Coast lawyer’s mammoth fight for $3m crash payout
A SUNSHINE Coast lawyer has won a mammoth legal battle against a top insurance company that resulted in a $3 million payout for her injured client after a horror car crash.
Slater and Gordon Birtinya lawyer Nicola Thompson put up a long fight against CTP insurer RACQ after a 2013 crash left Mason Lee, now 23, wheelchair-bound and suffering tetraplegia.
A Supreme Court decision in 2017 blamed an underage Mr Lee for the crash after his blood was found on the driver's seat airbag, but the truth was finally proven yesterday which resulted in a $3.3 million payout.
"It was a tricky decision and we all knew what we were up against to make an appeal but we knew we had a strong case and that the family needed justice to be able to move on and recover together," Ms Thompson said.
The family, who are originally from Taiwan, were holidaying on North Stradbroke Island when they collided with an oncoming car.
DNA evidence presented in court showed he was the driver and despite appealing the decision, he lost.
His lawyers, Slater and Gordon, were then granted special leave to appeal in the High Court.
The High Court yesterday ruled that Mr Lee was in the back seat with his two younger brothers at the time of the crash, while his father was driving.
"I was actually asleep during the car ride and when I woke up I was lying on the ground. I couldn't lift my arms and legs," Mr Lee said.
"People were telling me not to move my neck. I think I passed out from the pain and woke up in hospital.

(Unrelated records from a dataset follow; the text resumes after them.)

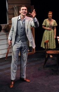 For those of you unaware of the story behind “The Rainmaker”, we are in a major drought in the “dustbowl” of our country, when a flim-flam man shows up at the ranch of the Curry family and tells them that he can save their cattle by bringing in the rain for only a $100. All he needs is 24 hours to produce. Meanwhile, this family has other problems to be dealt with. H.C., the father ( a powerful performance by Robert Frankel) is a widower with three children. Jim, the youngest (Nate Santana who brings a realistic character to the stage), eldest son, Noah ( deftly handled by Daniel Gilbert) who runs the ranch and daughter Lizzie ( Anna Hammonds in a perfect study of the plain, lonely woman living in a male dominated world) who they all want to find a husband for.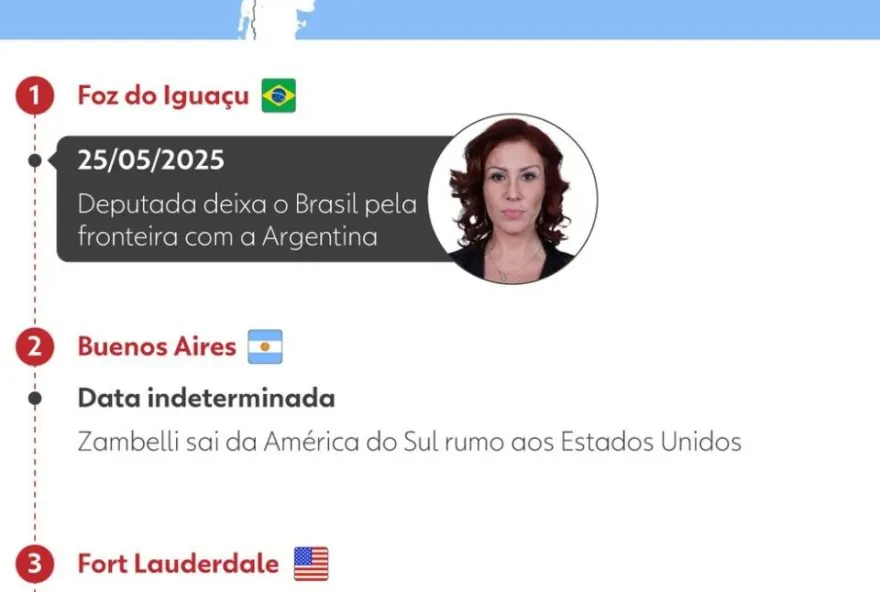 Zambelli deixou o país pela fronteira com a Argentina e estava na Itália — a parlamentar tem cidadania italiana. Em junho, ela teve o nome inserido na lista de procurados da Interpol e teve condenação mantida pela 1ª turma do Supremo Tribunal Federal (STF).
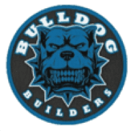 Bulldog Builders Logo. Round Blue, white, and navy colors

I could only move my toes at first and it has taken years of physio in hospitals and hydrotherapy before I could walk on crutches to maintain the level of movement I have."
Mr Lee was awarded $3,350,000 in damages to cover his rehabilitation expenses, loss of wages and future expenses. RACQ was also ordered to pay Mr Lee's legal costs.

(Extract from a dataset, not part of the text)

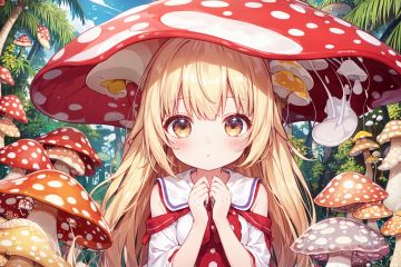 Forest after rain, Amazon rainforest, lots of tropical trees, palm trees, lots of giant mushrooms, lots of poison mushrooms, red and white spotted mushrooms, purple mushrooms, yellow mushrooms, white mushrooms, explosion mushrooms, charm mushrooms, fluorescent mushrooms(monsterification:1.3), (1 giant mushroom_girl, wearing Spotted dress, spotted mushroom hair), (spotted mushroom hat:1.2), (upper body), (cute face), beautiful eyes(detailed light), (extremely delicate and beautiful), volume light, best shadow, flash, Depth of field<lora:aki-000008:0.8>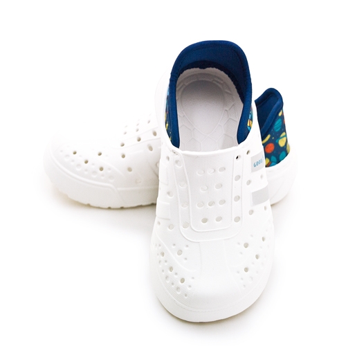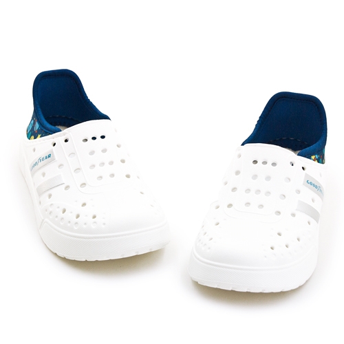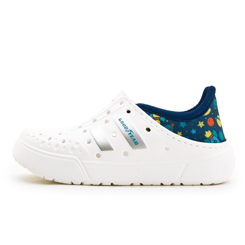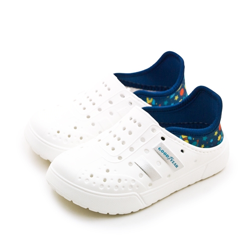 【中童】GOODYEAR 排水透氣輕便水陸多功能休閒兒童後踩式洞洞鞋 夏日遨遊系列 台灣製造 白藍銀 48829

The High Court found that the teenager's blood had ended up on the airbag by way of transfer, after his father cradled his son's bleeding face.

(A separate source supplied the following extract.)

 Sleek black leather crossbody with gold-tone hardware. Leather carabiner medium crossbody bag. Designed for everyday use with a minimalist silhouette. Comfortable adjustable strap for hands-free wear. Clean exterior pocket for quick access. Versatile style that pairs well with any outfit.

As Mason's mother was trapped in the front passenger seat, his father had to climb through the driver's side to check on her, causing his hands to brush past the airbag.
"We have been waiting for this day, there was a lot of anticipation. We didn't know what was ahead," Mr Lee said.
Ms Thompson, said Mr Lee and his family, who have been caring for him since the accident, were relieved that his claim was successful.
"It's been a difficult and challenging road to get where we are, and Mason and his family are very happy with the High Court decision," she said.
"Mason will now be able to receive the assistance and equipment he needs for the rest of his life, including a wheelchair, walking aids, rehabilitation and home modifications.
"This week's decision will provide them with certainty that Mason will receive high quality care, as previously they couldn't afford a carer and this will now be an option to them.
Ms Thompson said if the appeal had not been successful, the family faced fraud charges through the Motor Accident Insurance Commission.